▸ **TRY IT**:
Begin at the line that holds "keep my shadows" and retype every line through the end of the material, both included. Leave out the pictures.
::: SUPPLIED MATERIAL
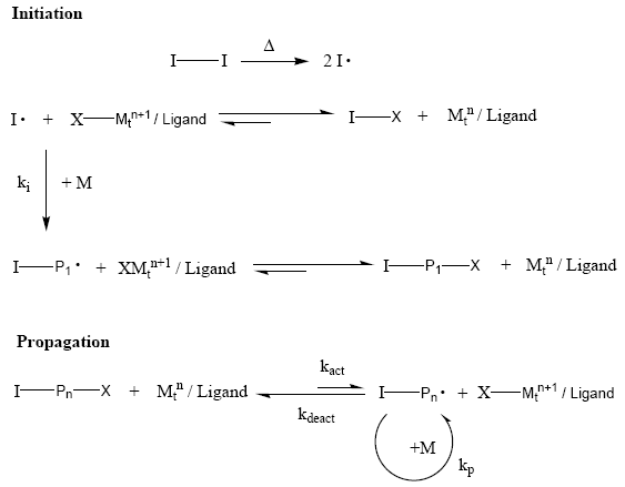 Reverse ATRP differs from ATRP in its initiation process, where a conventional radical initiator, such as AIBN (2,2’-Azobisisobutyronitrile), is used. As shown below, in the initiation step, once generated, the initiating radicals or the propagating radicals, I. Or I-P., can abstract the halogen atom X from the oxidized transition-metal species, XMtn+1, to form the reduced transition-metal species, Mtn, and the dormant species, I-X or I-P1-X. In the subsequent steps, the transition-metal species, Mtn, promotes exactly the same ATRP process as normal ATRP where R-X/Mtn/Lx are used as the initiation system. Instead of first activation of a dormant species, R-X, with Mtn, as in the case of normal ATRP, reverse ATRP originates from the deactivation reaction between radicals, I. or I-P., and XMtn+1.
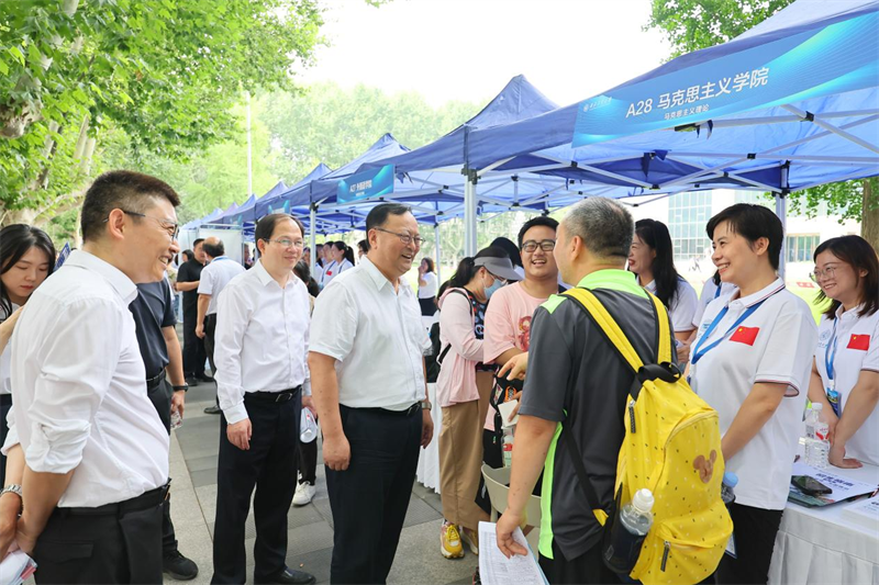 宋保维来到各学院(研究院)招生咨询展位前,对前来参加咨询会的广大考生与家长表示欢迎。他详细询问:“从哪里过来的?意向学院和专业是什么?未来有没有深造计划?”为考生及家长介绍学校学科特色、培养模式、就业前景等,鼓励考生积极报考。
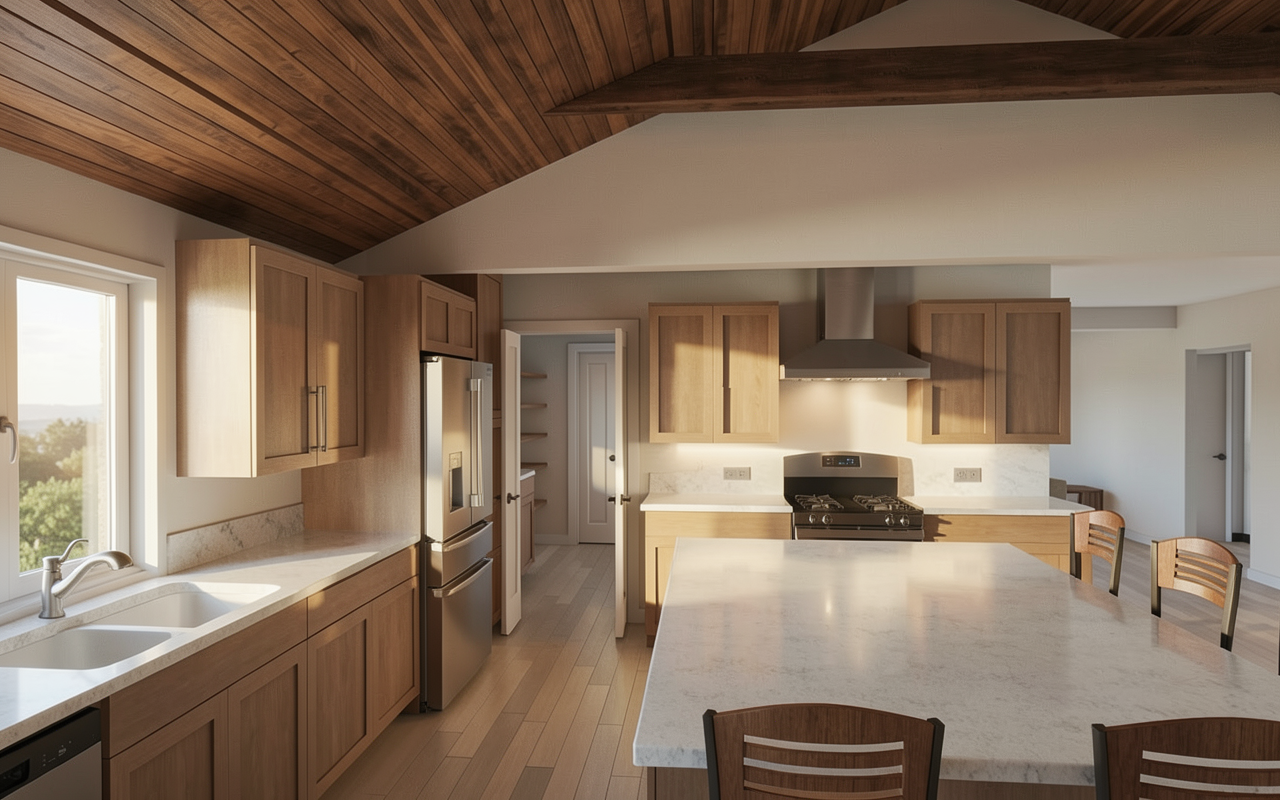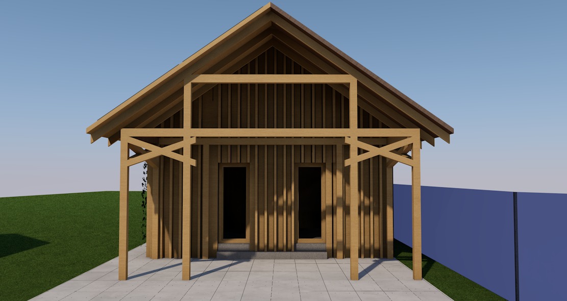 keep my shadows and the position of the sun do not change the shadows make them exactly as they are in my image the house cladding and all wooden elements should be made of wood slightly faded with a subtle hint of modern add soft reflections to the glass dors where i have paving replace it with xl format medium grey concrete paving with no visible joints modern paving where i have grass add a realistic beautiful lawn
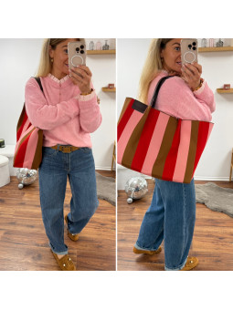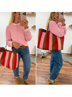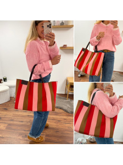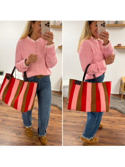 Sac cabas à rayures rose rouge et camel 100% polyester Sous...
::::::
▸ **TASK OUTPUT**:
 keep my shadows and the position of the sun do not change the shadows make them exactly as they are in my image the house cladding and all wooden elements should be made of wood slightly faded with a subtle hint of modern add soft reflections to the glass dors where i have paving replace it with xl format medium grey concrete paving with no visible joints modern paving where i have grass add a realistic beautiful lawn
 Sac cabas à rayures rose rouge et camel 100% polyester Sous...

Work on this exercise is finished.